JPH0421398B2 - - Google Patents

Description

[Detailed Description of the Invention] The present invention converts a luminance signal into an FM signal, converts a chroma signal into a low frequency signal, and records both signals on a tape using two heads with different azimuth angles. The present invention relates to a cross-azimuth helical scan video tape recorder, and particularly to a recording/reproducing circuit for NTSC chroma signals.

There is a β method as a chroma signal recording method used in NTSC cross-azimuth helical scan video tape recorders. The problems with this method are (1) it requires a large number of flip-flops (hereinafter referred to as FFs) that require high-speed operation, making it difficult to integrate into ICs, and (2) it is difficult to secure a bandwidth for the chroma signal, especially for tracking control pilot signals. There are problems when performing multiplex recording: (3) the chroma signal IC that can be used for both the NTSC and PAL systems becomes extremely complex, and (4) the chroma signal recording circuit and pilot signal generation circuit cannot be used in combination. The dot was hot.

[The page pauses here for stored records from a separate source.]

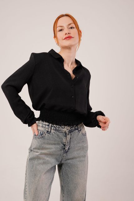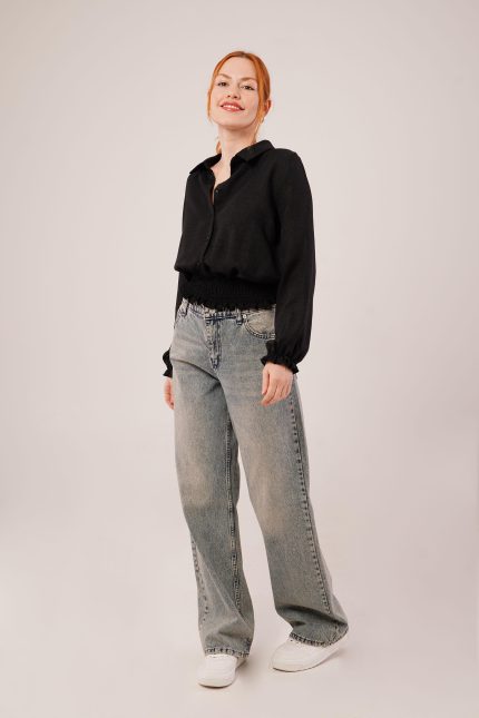 Bebe Yaka Püskül Detaylı Bluz- Desenli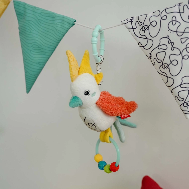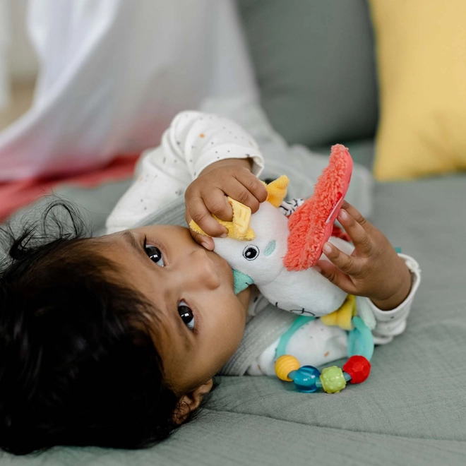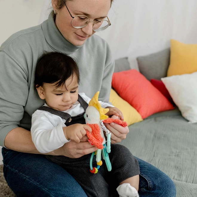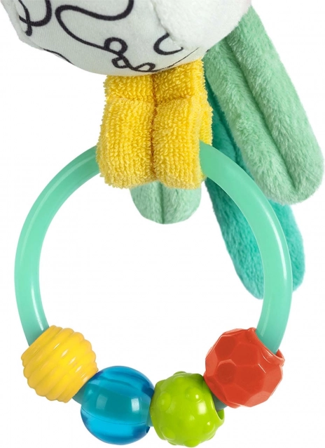 Plush rattle with lots of activity features such as a grasping ring, rattle, squeaker mechanism, and crinkly paper. This grasp toy playfully supports a child’s hearing, vision, touch, healthy grasping, and logical thinking – ideal as a gift for boys and girls for birth, birthdays, or christening.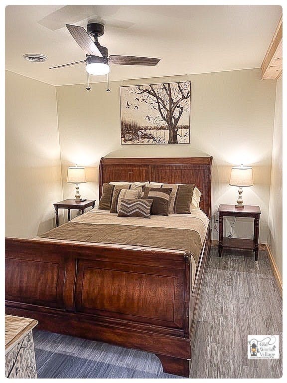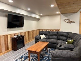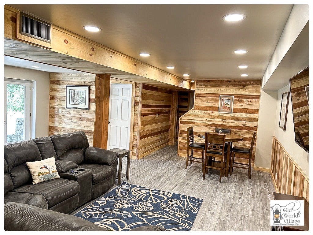 Lower Level: Private queen bedroom with a nearby full bathroom, an additional living room, and walk-out access to the new 7-person hot tub.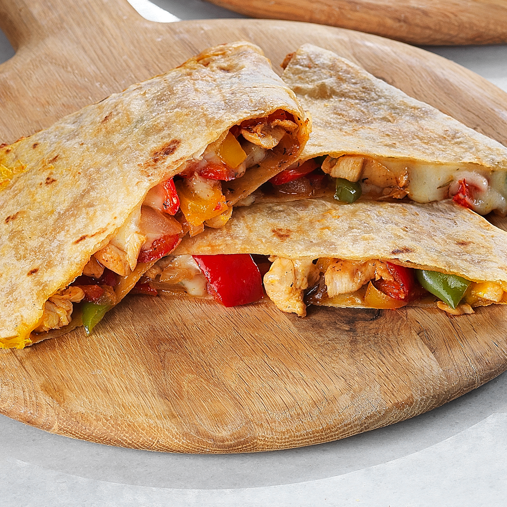 Tortilla ekmeğinde tavuk bonfile, soğan, biber, cheddar ve kaşar peyniri ile hazırlanır

The conventional problems will be explained in detail below using the drawings. FIG. 1 is a block diagram showing the main parts of a chroma signal recording circuit of a β-system video tape recorder.

First, the method of recording NTSC chroma signals in a β-scheme video tape recorder will be explained. In the β method, the 3.58MHz chroma signal is converted to a frequency of (44-1/4) _H , ( _H is the horizontal synchronization frequency), and
The first track records the frequency-converted chroma signal as it is, and the second track inverts the phase of the frequency-converted chroma signal every horizontal period to change the chroma frequency to (44-1/4). ±1/2) Converted to _H and recorded. As a result of the above, the recording chroma signal frequency has an offset of _H /4, which is a necessary and sufficient condition, and the frequency difference between tracks is
_H /2 is satisfied.

Next, the above operation will be explained using FIG.
1 is a chroma signal input terminal, 2 is a voltage controlled oscillator (hereinafter referred to as VCO) that oscillates at a frequency of 175 _H , 3 is a 1/4 frequency divider, 4 is a first frequency converter,
5 is a filter that extracts the sum frequency signal from the output of 4; 6 is a circuit that does nothing on the first track and inverts the phase every horizontal period on the second track; 40 is an input terminal for a signal indicating the track. , 7 is a second frequency converter, 8 is a low-pass filter that extracts the difference frequency signal from the output of 7, 9 is 1/175
The frequency divider is composed of a 1/5 frequency divider 10, a 1/5 frequency divider 11, and a 1/7 frequency divider 12. A phase comparator 13 detects the phase difference between the output signal of the frequency divider 9 and the horizontal synchronizing signal applied to the terminal 17, and drives the VCO 2. 14 is a 3.58MHz X'tal VCO, and a phase comparator 15 detects the phase difference between the output signal of 14 and the output signal of the burst gate circuit 16. Therefore, a carrier whose frequency matches that of the chroma signal applied to terminal 1 is obtained at the output of VCO 14.
A (175/4 _H +3.58) MHz signal is taken out from the output of the filter 5, and the first signal is taken out from the output of the phase inversion circuit 6.
A signal of (175/4 _H +3.58) MHz is obtained on the first track, and a signal of {(175/4+1/2) _H +3.58} MHz is obtained on the second track. Therefore, the low frequency conversion chroma signal output terminal 19 has a signal of 175/1 for the first track.
The chroma signal converted to _4H frequency is output,
For the second track, a chroma signal converted to a frequency of (175/4±1/2) _H is output.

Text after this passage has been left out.